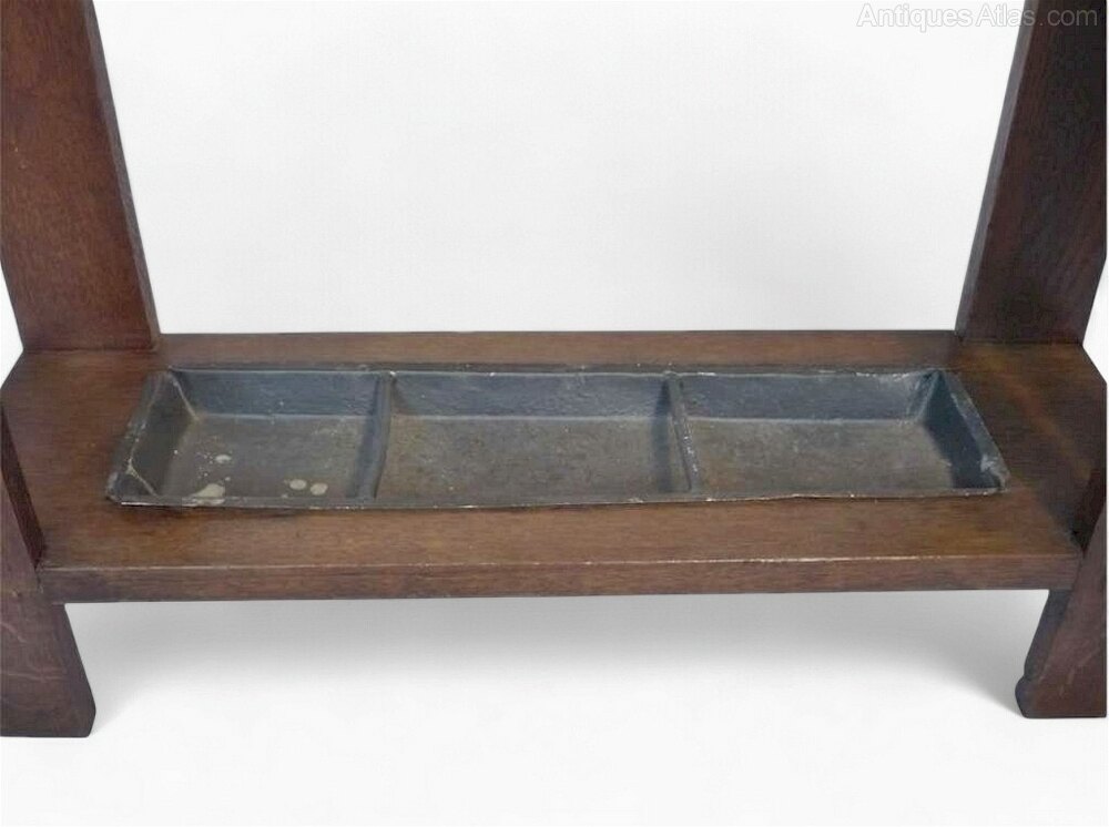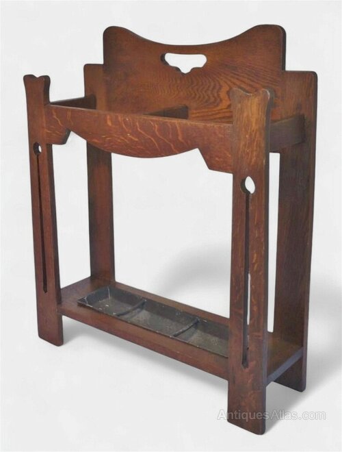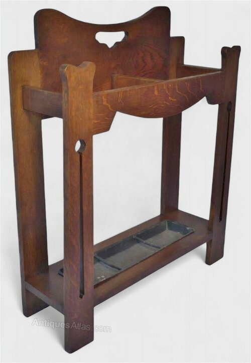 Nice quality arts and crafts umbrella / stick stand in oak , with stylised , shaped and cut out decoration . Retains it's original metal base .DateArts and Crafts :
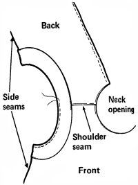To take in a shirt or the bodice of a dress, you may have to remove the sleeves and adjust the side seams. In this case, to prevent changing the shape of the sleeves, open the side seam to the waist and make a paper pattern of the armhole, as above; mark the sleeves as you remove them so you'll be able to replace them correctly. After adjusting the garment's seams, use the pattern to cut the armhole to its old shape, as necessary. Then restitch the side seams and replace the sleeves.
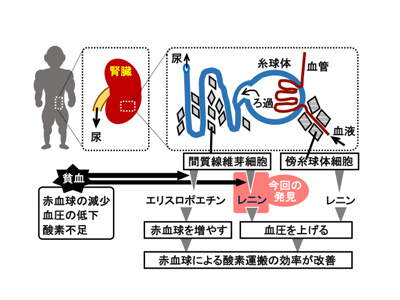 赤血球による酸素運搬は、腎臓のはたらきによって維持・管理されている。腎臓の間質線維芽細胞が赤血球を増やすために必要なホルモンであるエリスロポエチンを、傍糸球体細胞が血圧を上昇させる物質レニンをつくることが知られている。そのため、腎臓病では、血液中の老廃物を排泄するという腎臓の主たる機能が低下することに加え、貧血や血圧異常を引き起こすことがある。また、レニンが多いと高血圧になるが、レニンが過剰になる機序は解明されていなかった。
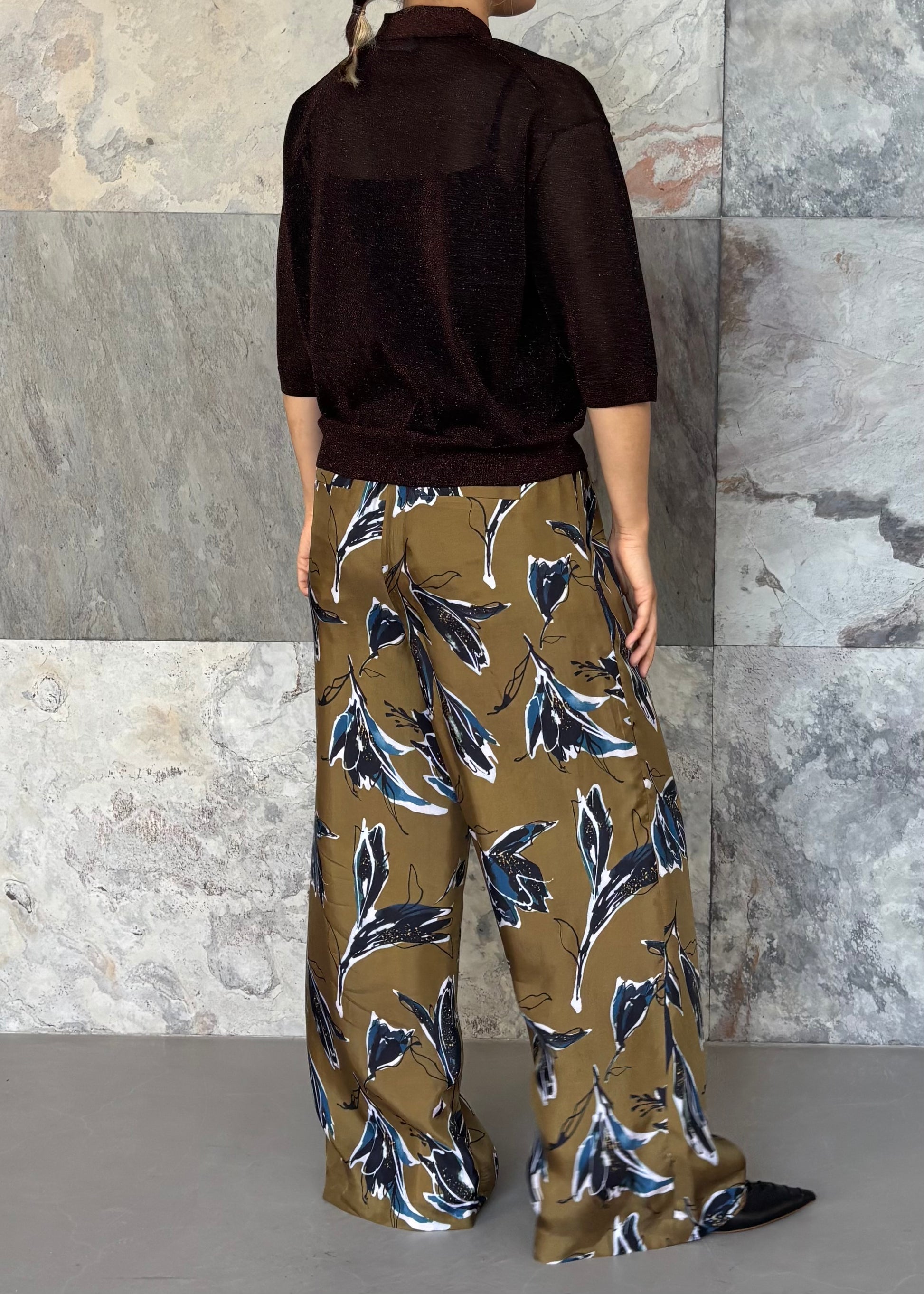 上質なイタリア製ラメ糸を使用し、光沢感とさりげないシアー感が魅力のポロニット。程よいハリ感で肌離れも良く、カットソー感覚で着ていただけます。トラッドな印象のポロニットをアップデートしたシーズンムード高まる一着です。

Instructions to follow: Output only the lines from the line that contains "赤血球による酸素運搬は、腎臓" through the end of the material, both ends included, and skip every picture.

Expected answer:
 赤血球による酸素運搬は、腎臓のはたらきによって維持・管理されている。腎臓の間質線維芽細胞が赤血球を増やすために必要なホルモンであるエリスロポエチンを、傍糸球体細胞が血圧を上昇させる物質レニンをつくることが知られている。そのため、腎臓病では、血液中の老廃物を排泄するという腎臓の主たる機能が低下することに加え、貧血や血圧異常を引き起こすことがある。また、レニンが多いと高血圧になるが、レニンが過剰になる機序は解明されていなかった。
 上質なイタリア製ラメ糸を使用し、光沢感とさりげないシアー感が魅力のポロニット。程よいハリ感で肌離れも良く、カットソー感覚で着ていただけます。トラッドな印象のポロニットをアップデートしたシーズンムード高まる一着です。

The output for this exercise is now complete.